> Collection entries
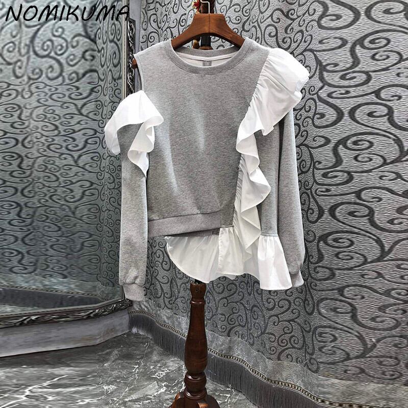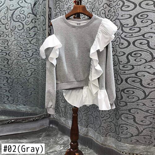 草引不規則なフリルパッチワーク女性スウェットシャツ因果ストラップレス長袖 O ネックジャンパー 2022 秋パーカートップ ロング オータム 秋物 Oネック kor62304362854
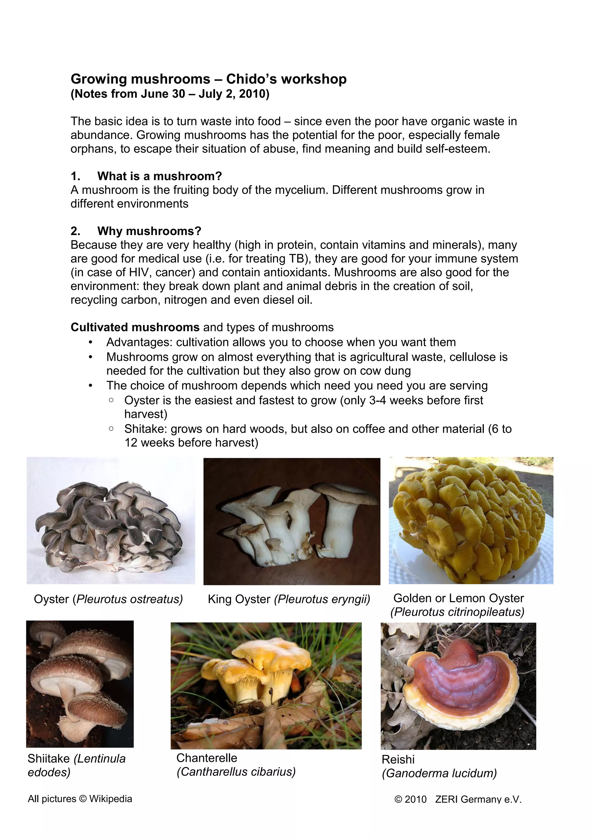 The document outlines a workshop on growing mushrooms, emphasizing the potential for improving the lives of the poor, particularly female orphans, by turning waste into food. It covers various aspects of mushroom cultivation, including seed production methods, ideal conditions for growth, and detailed procedural steps from substrate preparation to harvesting. Additionally, it highlights the nutritional benefits of mushrooms and their environmental impact, while also providing resources for further learning.
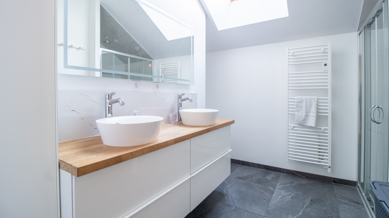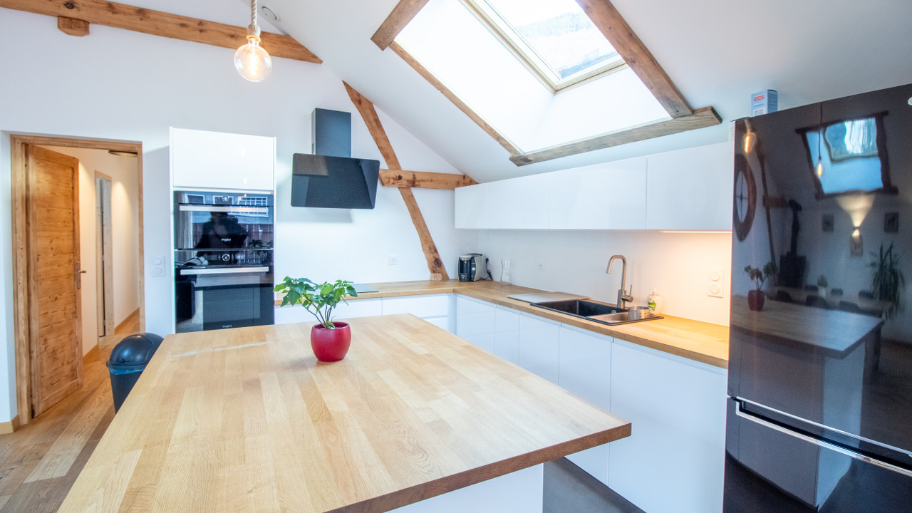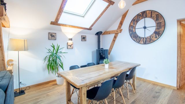 A41096SLE73 - In the heart of Bozel, just moments from the ski shuttles linking to Courchevel and the world-renowned 3 Valleys ski area, this beautifully renovated property (2021) perfectly combines Alpine charm with modern comfort. Built over a spacious 120 m² lower level with a large garage, workshop and storage areas, it offers approximately 120 m² of bright, elegant living space upstairs. The impressive 48 m² open-plan living area features exposed beams, skylights and seamless access to a superb 27 m² south-facing terrace, ideal for soaking in the mountain sun. The home includes four double bedrooms, one with a private en-suite shower room, a second refined bathroom, and a functional laundry room. High-quality finishes, a pellet stove, a wood-burning stove and electric heating ensure year-round comfort. Shops, schools and amenities are within walking distance — a true Alpine haven in one of Savoie's most sought-after villages.
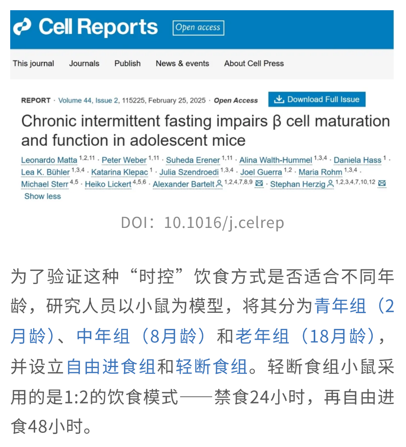 并不是这样!一项发表于Cell Reports的研究[2]给出的答案就让很多年轻群体一“断”一个不吱声。这项研究发现,长期轻断食可能让年轻群体β细胞功能受损,从而增加未来代谢疾病的风险。
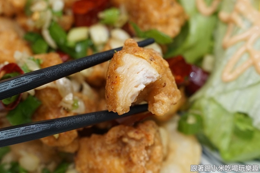 鹹酥雞是使用當天溫體無骨雞胸肉為食材,口感上特別軟嫩又多汁
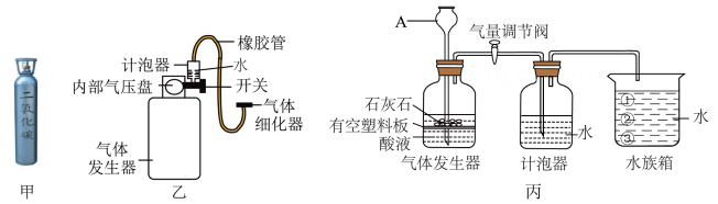 【市场调查】小明发现市场上有如图甲所示的二氧化碳气体补给器出售,该补给器连接上气体细化器后就可向水族箱的水中补充二氧化碳气体,其结构示意图如图乙所示。
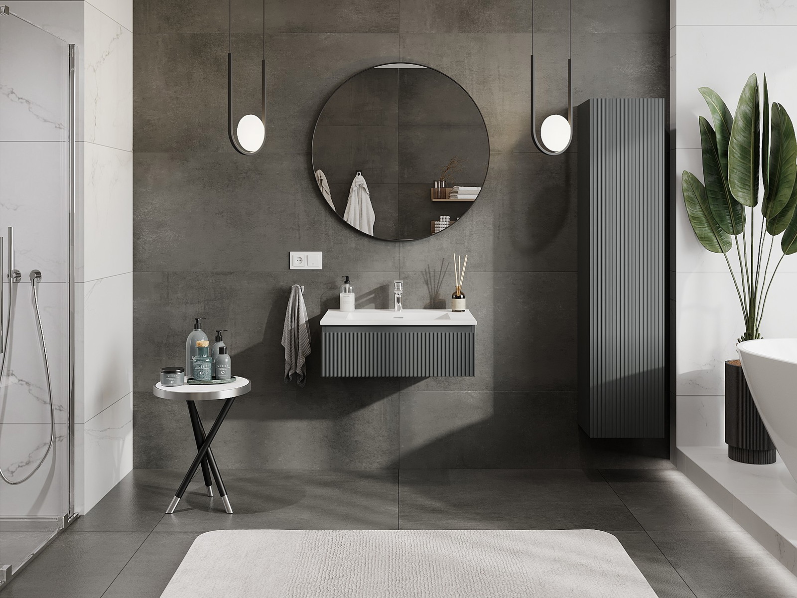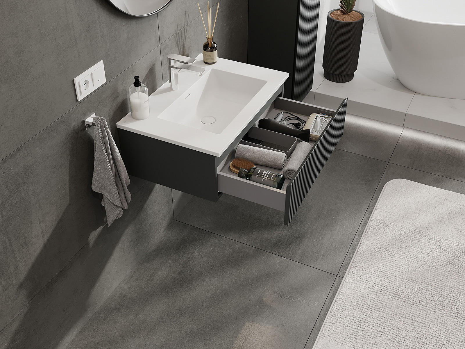 Mexen Rivel mobiletto da bagno 70 cm con lavabo Otis, 1 cassetto, scanalato, grafite opaco/bianco opaco
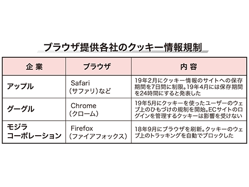 ウェブブラウザ各社がCookie(クッキー)情報の規制に乗り出している。規制によって端末情報の特定が難しくなり、リターゲティング広告の精度が大幅に下がる可能性がある。アップルは4月24日、ユーザー端末のクッキー情報がアクセスしたサイトに保存される期間を24時間にすると発表した。グーグルも5月7日、「Chrome(クローム)」の仕様についてクッキー情報保護に関する発表を行った。グーグル広告やヤフーの広告、フェイスブック広告など、デジタル広告の多くがクッキー情報を活用したリターゲティング(リタゲ)広告だ。リタゲ広告にクッキーを利用できなければ、広告による流入やCVが発生しづらくなる可能性がある。ウェブ接客やアクセス解析などのツールも大きな影響を受けるとみられる。クッキー制限の影響を受ける広告代理店の中には、動向を見守る姿勢を示す企業が多く、EC市場全体への影響は未知数だ。
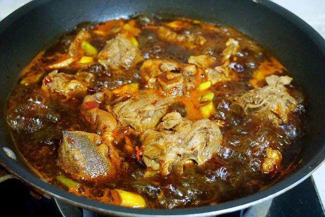 5、加入1勺老抽、2勺生抽,放入调味包和将将没过肉块的沸水。
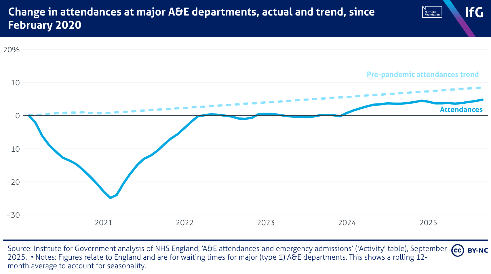 A line chart from the Institute for Government showing Change in attendances at major A&E departments, actual and trend, since February 2020. Attendances dropped sharply during the pandemic, falling 24.9% below pre-pandemic levels by early 2021, before recovering to around pre-pandemic levels by 2022. Since then, change in attendances has remained broadly flat, reaching 4.8% in September 2025, while the pre-pandemic trend indicates it would have grown by around 8.5% over the same time period.
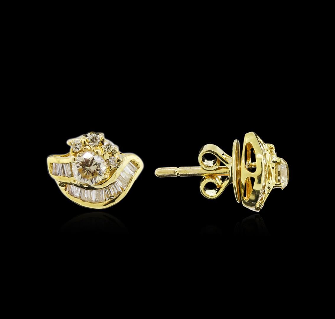 One pair of earrings featuring: 14KT yellow gold weighing 3.98 grams containing diamonds with a total weight of 0.78ct.
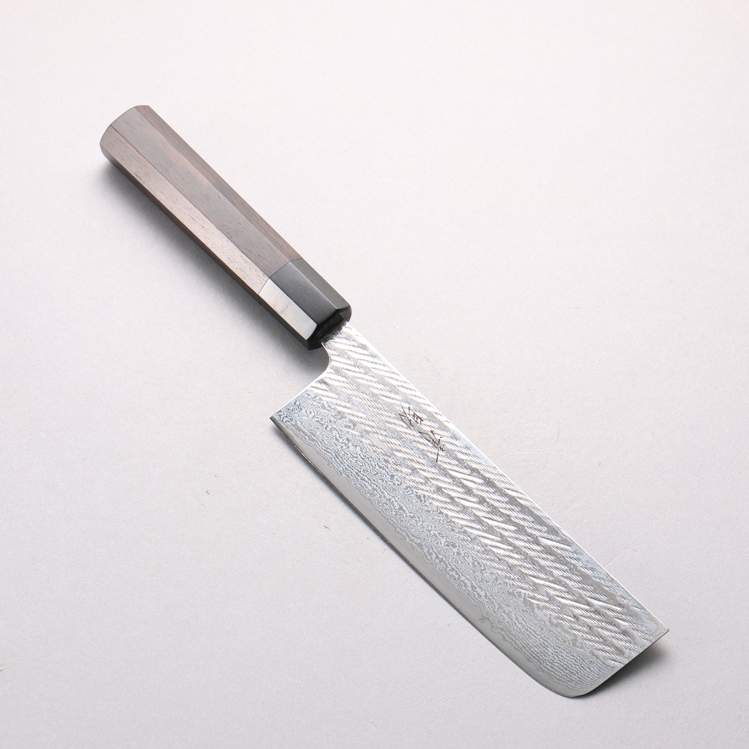 Seisuke Silver Steel No.3 Hammered Damascus Rope Pattern Nakiri 165mm Ebony Wood (ferrule: Black Water Buffalo Horn) Handle
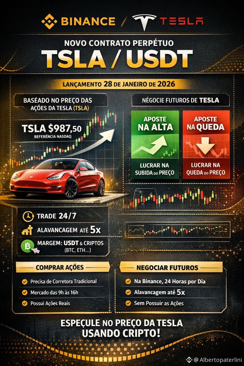 💡 Diferente de um “token meme” ou uma criptomoeda própria chamada “Tesla”, este produto é um contrato vinculado ao preço real das ações da Tesla Inc. — similar a um derivativo de ações, mas acessível via Binance. �
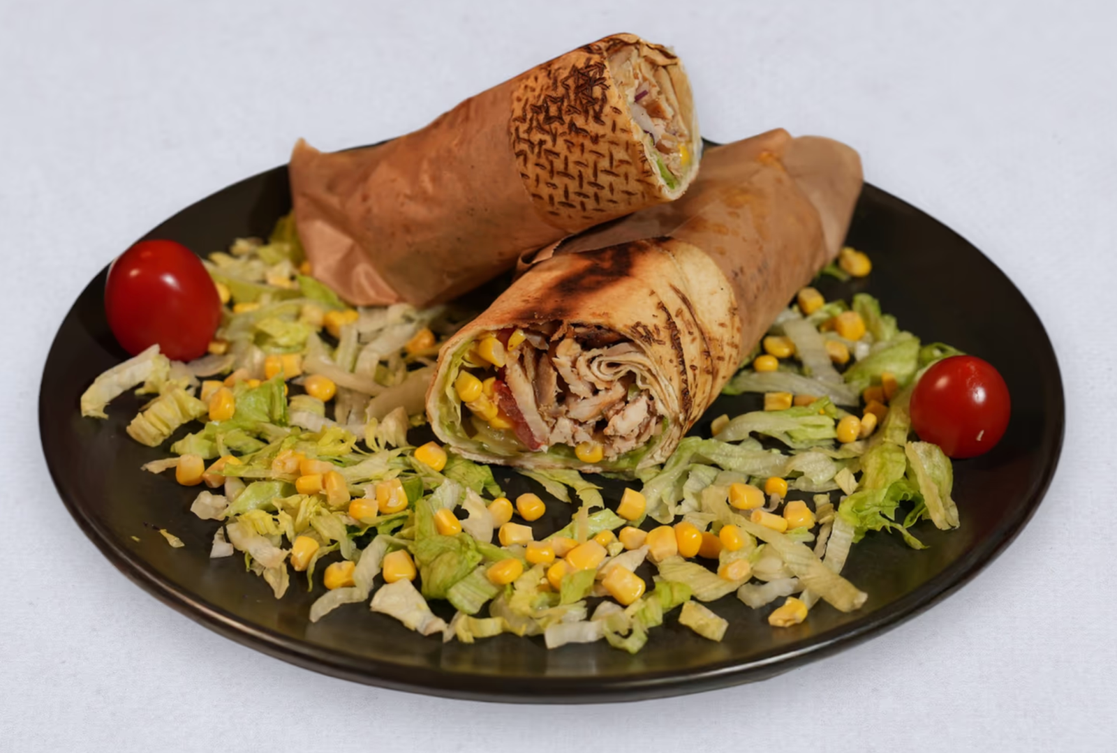 Mięso, sałata lodowa, pomidor, cebula, kukurydza, ogórek, pasta czosnkowa, sos, pita. pokaż więcej
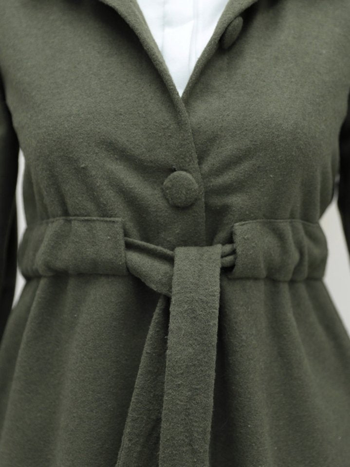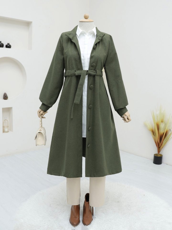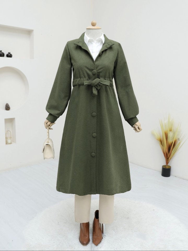 Belden Bağlamalı Top Düğmeli Kaşe Kaban -Haki

> PROBLEM TO WORK ON
For this exercise, repeat word for word only the lines from the one containing "One pair of" through the end of the data, including both. Pictures do not go in the copy.

> RESPONSE TO THE TASK
 One pair of earrings featuring: 14KT yellow gold weighing 3.98 grams containing diamonds with a total weight of 0.78ct.
 Seisuke Silver Steel No.3 Hammered Damascus Rope Pattern Nakiri 165mm Ebony Wood (ferrule: Black Water Buffalo Horn) Handle
 💡 Diferente de um “token meme” ou uma criptomoeda própria chamada “Tesla”, este produto é um contrato vinculado ao preço real das ações da Tesla Inc. — similar a um derivativo de ações, mas acessível via Binance. �
 Mięso, sałata lodowa, pomidor, cebula, kukurydza, ogórek, pasta czosnkowa, sos, pita. pokaż więcej
 Belden Bağlamalı Top Düğmeli Kaşe Kaban -Haki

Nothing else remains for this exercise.